Switch `metric = "deviance"` and set `K` to engage fast deviance CV with the optimized density routes.

## Fast deviance utilities and diagnostics

Deviance-based tuning reuses `loglik_gamlss_newdata_fast()` under the hood. Use `fast_vs_generic_ll()` to benchmark the speedup relative to the generic density evaluator, and `check_fast_vs_generic()` to verify numerical agreement (with per-family tolerances).

```{r eval=FALSE}
# Example: compare deviance routes on a fitted model
fit_ga <- gamlss::gamlss(y ~ x1 + x2, sigma.formula = ~ x1, data = dat, family = gamlss.dist::NO())
fast_vs_generic_ll(fit_ga, newdata = dat, reps = 30)
check_fast_vs_generic(fit_ga, newdata = dat, tol = 1e-6)
```

See the dedicated fast-deviance vignettes for expanded results across many `gamlss.dist` families.

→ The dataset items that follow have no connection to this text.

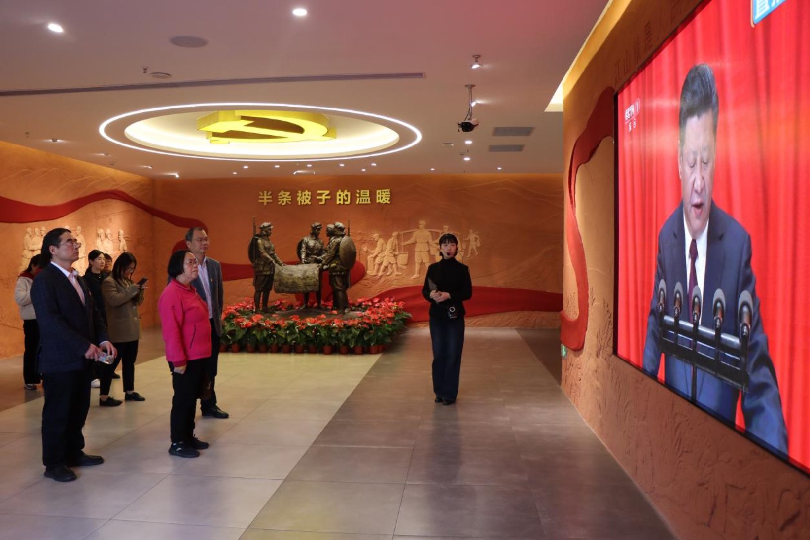 随后,党员们跟随讲解员走进“半条被子”专题陈列馆,重温了习近平总书记在纪念红军长征胜利80周年大会上讲述“半条被子”故事的视频讲话。深入了解故事背后的军民鱼水情,馆内陈列的一件件历史实物、一幅幅生动图片,让党员们深刻感悟革命先辈与人民群众同甘共苦、生死与共的深厚情谊,进一步坚定了践行全心全意为人民服务宗旨的信念。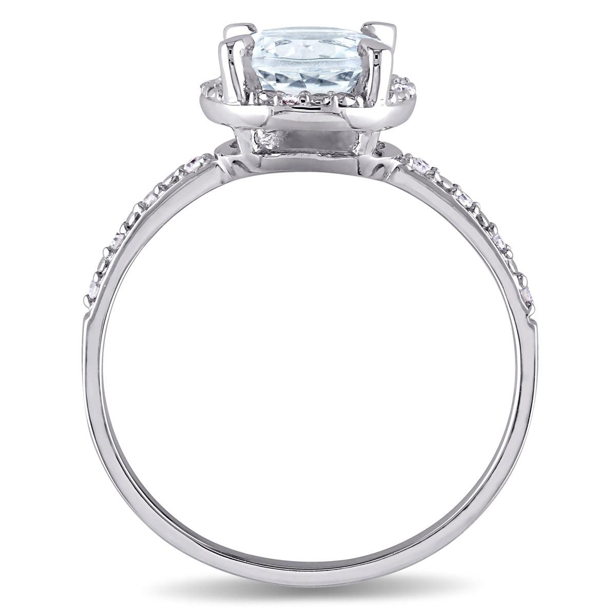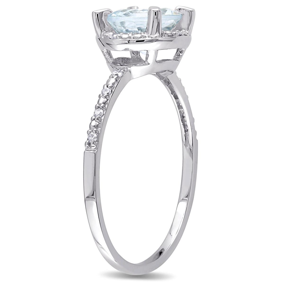 Description This dainty Gemstone Classics™ aquamarine and diamond halo ring is crafted in lustrous 10kt. white gold and features a round-cut, prong-set aquamarine at the center...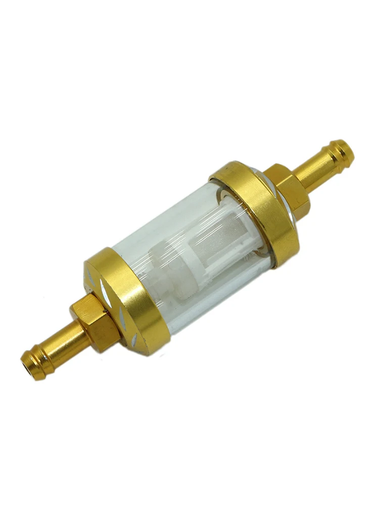 Особенности: 1. Простота установки и практичность в использовании, вы можете легко открутить чистящий фильтр. 2. Соединение из алюминиевого сплава и стеклянная оболочка, вы можете четко видеть чистоту бензина внутри фильтра. 3. Конструкция резьбы принимается, который может быть удален и очищен и может использоваться несколько раз. 4. Соединение из алюминиевого сплава обработано, отполировано и покрыто хромом.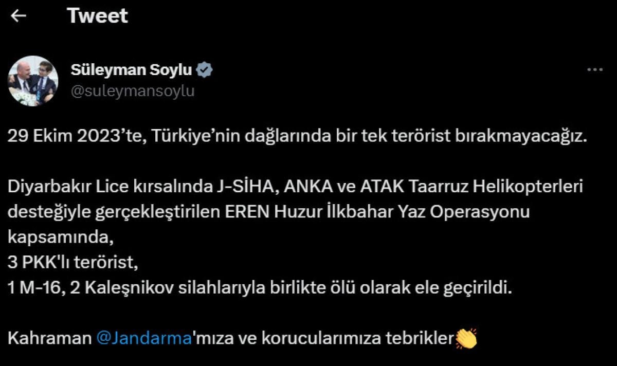 Soylu açıklamasında, "9 Ekim 2023’te, Türkiye’nin dağlarında bir tek terörist bırakmayacağız. Diyarbakır Lice kırsalında J-SİHA, ANKA ve ATAK Taarruz Helikopterleri desteğiyle gerçekleştirilen EREN Huzur İlkbahar Yaz Operasyonu kapsamında, 3 PKK'lı terörist, 1 M-16, 2 Kaleşnikov silahlarıyla birlikte ölü olarak ele geçirildi. Kahraman @Jandarma 'mıza ve korucularımıza tebrikler" dedi.

## Parallel bootstraps, progress, and long tests

All bootstrap helpers accept `parallel = "auto"` to leverage **future.apply** (or any plan you set via `future::plan()`). Progress bars are enabled via `progress = TRUE` on `sb_gamlss()`, grid/autoboost helpers, and `tune_sb_gamlss()`.

```{r eval=FALSE}
future::plan(multisession, workers = 4)
fit_parallel <- sb_gamlss(
  y ~ 1,
  mu_scope = ~ x1 + x2 + x3,
  sigma_scope = ~ x1 + x2,
  family = gamlss.dist::NO(),
  data = dat,
  B = 200,
  pi_thr = 0.6,
  pre_standardize = TRUE,
  parallel = "auto",
  progress = TRUE,
  trace = FALSE
)
```

To opt into the full suite of equality/benchmark tests locally, set `options(SelectBoost.gamlss.run_long_tests = TRUE)` or `Sys.setenv(RUN_LONG_TESTS = "true")` before running `devtools::test()`.